Clayton Pettet, known professionally as Babymorocco, is a Moroccan-born English singer, record producer, and performance artist. In 2013, he announced his debut performance art piece, Art School Stole My Virginity, which he stated would involve him losing his virginity in front of a crowd. It took place in 2014. He began making music professionally during the COVID-19 pandemic, signing to True Panther Records and releasing his debut extended play, The Sound, in 2023.

==Early life and career==
Clayton Pettet was born in Casablanca, Morocco to an English father, who works as a lawyer for a teachers' union, and a Moroccan Jewish mother, who runs a charity shop.
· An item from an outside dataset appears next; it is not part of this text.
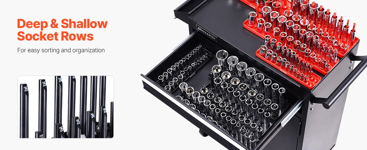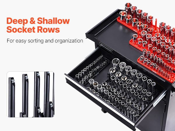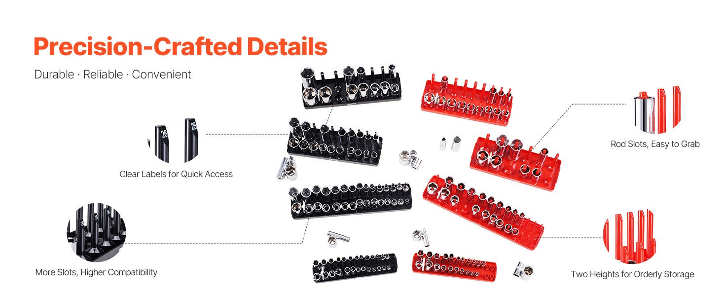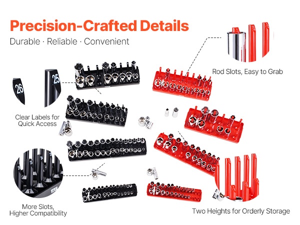 Korkea hylsyjen järjestelijäsarja tarjoaa paikan jopa 176 hylsylle ja on yhteensopiva monien eri merkkien kanssa. Syvien ja matalien hylsyjen omat rivit tekevät säilytyksestä selkeää ja pitävät työkalut hyvässä järjestyksessä.

His parents met on a kibbutz in Israel, where most of his family resides, and secretly married in Chelsea. He has a twin brother, Tamir, and two older sisters. He grew up in Boscombe, a suburb of Bournemouth, England; he was raised Jewish and had a bar mitzvah. He attended a boys' sports school, which he has stated was the worst-rated in his county, where he faced antisemitism from his classmates. As a teenager, he often went to clubs, including an under-18 trance night that, according to him, "changed [his] life" and heavily influenced his later music.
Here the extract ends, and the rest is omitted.